• **Available data**:
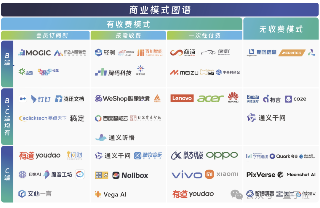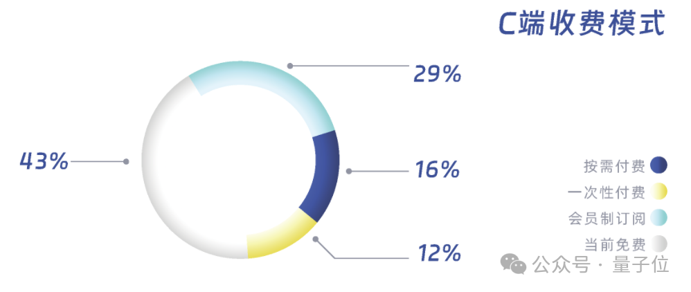 而 C 端产品以智能助手以及图像生成类的生产力工具为主,虽然用户量大(纯 C 端占比 50% 以上),但盈利状况普遍不乐观,近 50% 的产品当前仍未有明确的收入模式,以免费为主。
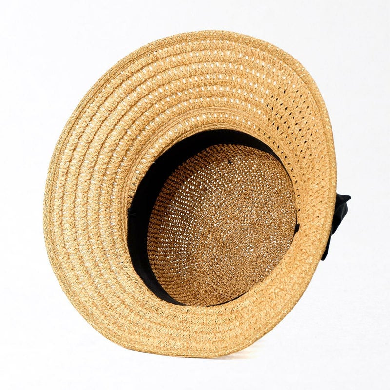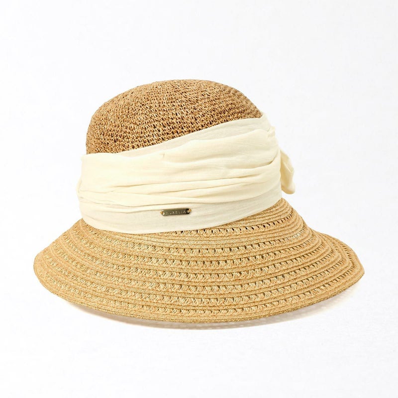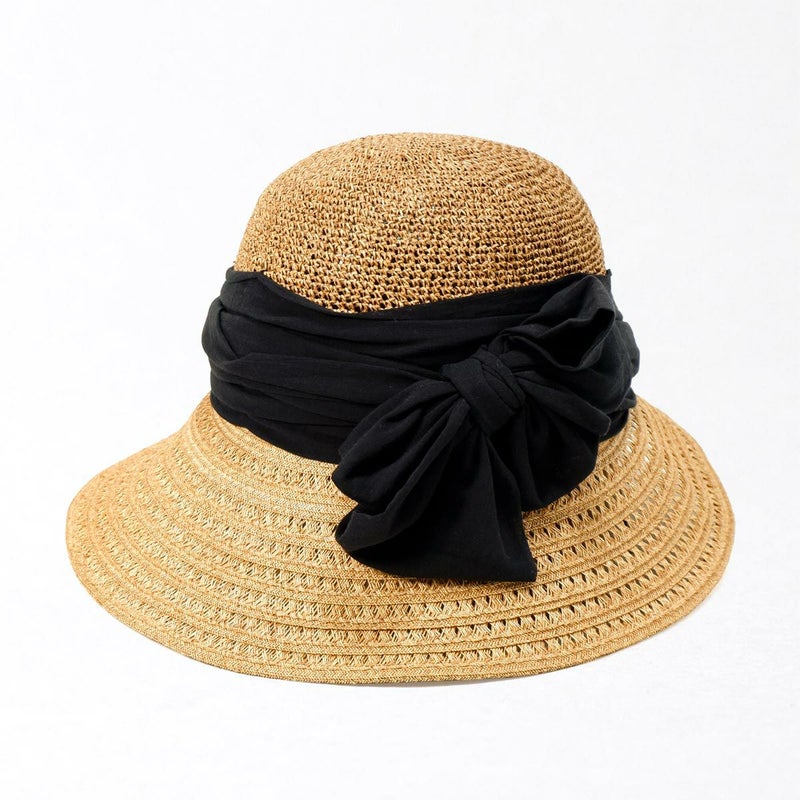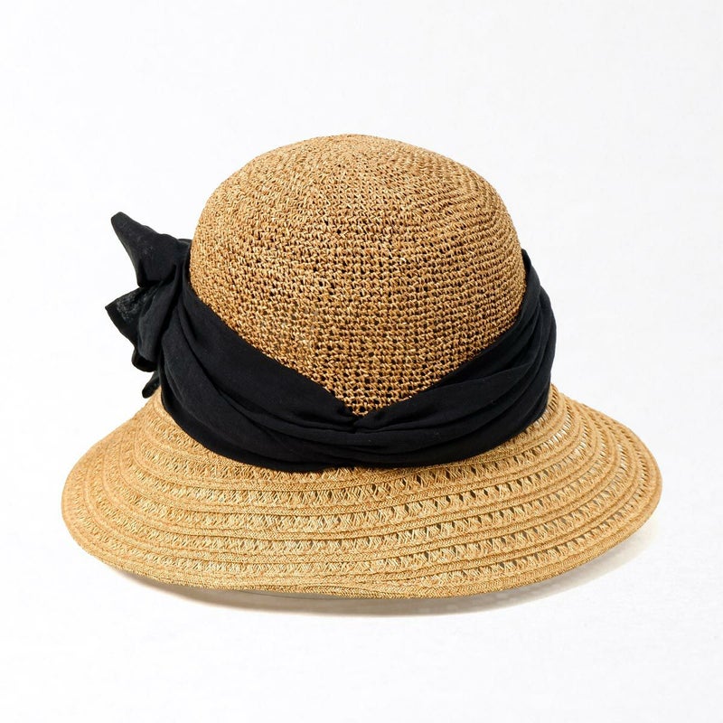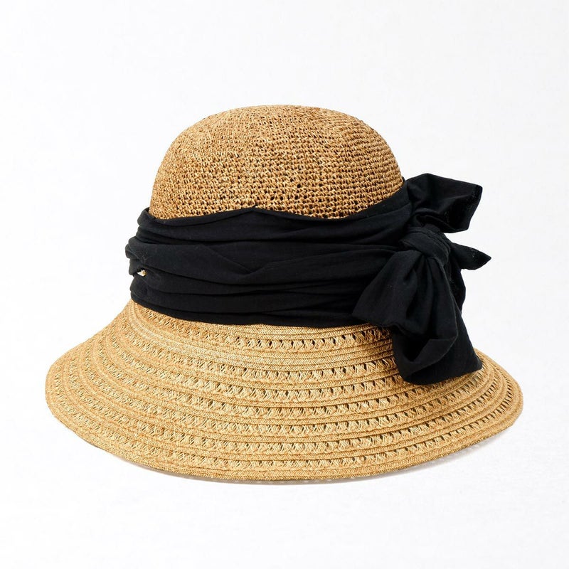 透かし編みブレードと細編みのコンビネーションが涼やかなつば広キャペリン。つば先に織り込まれたラメブレードが動きに合わせてさりげなく煌めきます。やや透け感のあるふんわり巻かれたコットンがナチュラルな雰囲気を醸します。スベリ(ビン革)部分には抗菌防臭・吸汗速乾素材を使用、暑い季節でも快適に被れます。前後のつばの長さを変えることで、前方は日除けに、短い後方は上を向いた場合でも背中などに干渉しない、ファッション性と実用性を兼ね備えたアイテムです。
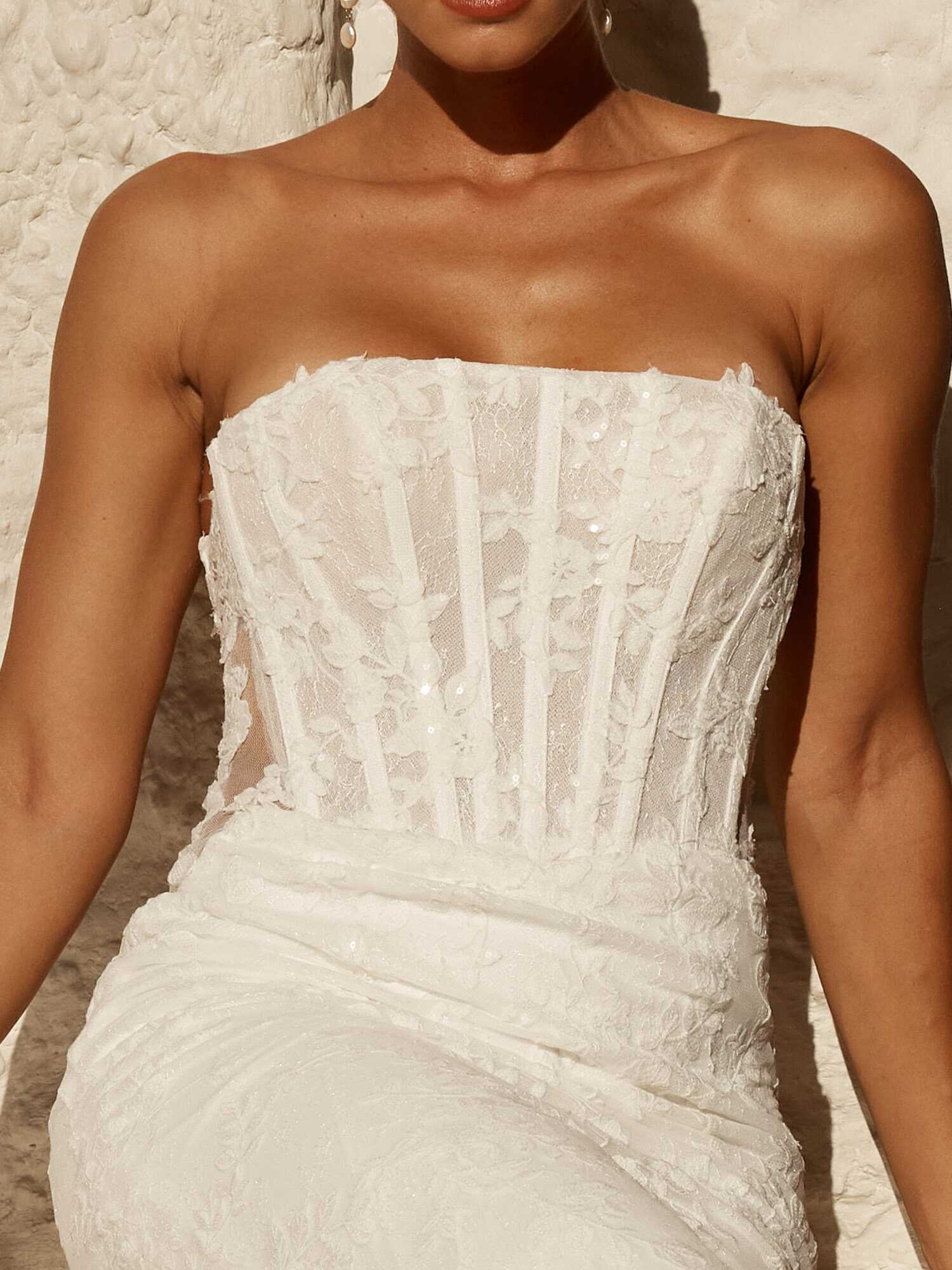 A straight, strapless neckline adorns the bodice, continuing into the detachable lace off-shoulder sleeves finished with an eyelash lace edge. The sheer Chantilly lace of the bodice creates an illusionary effect, exposing the lines of the modern boning beneath. The boning offering structure and modern detailing to the dress, while shaping the waist.

• **Exercise**: Your answer must be the full listing, reproduced word for word, without its pictures.

• **Solution to this exercise**:
 而 C 端产品以智能助手以及图像生成类的生产力工具为主,虽然用户量大(纯 C 端占比 50% 以上),但盈利状况普遍不乐观,近 50% 的产品当前仍未有明确的收入模式,以免费为主。
 透かし編みブレードと細編みのコンビネーションが涼やかなつば広キャペリン。つば先に織り込まれたラメブレードが動きに合わせてさりげなく煌めきます。やや透け感のあるふんわり巻かれたコットンがナチュラルな雰囲気を醸します。スベリ(ビン革)部分には抗菌防臭・吸汗速乾素材を使用、暑い季節でも快適に被れます。前後のつばの長さを変えることで、前方は日除けに、短い後方は上を向いた場合でも背中などに干渉しない、ファッション性と実用性を兼ね備えたアイテムです。
 A straight, strapless neckline adorns the bodice, continuing into the detachable lace off-shoulder sleeves finished with an eyelash lace edge. The sheer Chantilly lace of the bodice creates an illusionary effect, exposing the lines of the modern boning beneath. The boning offering structure and modern detailing to the dress, while shaping the waist.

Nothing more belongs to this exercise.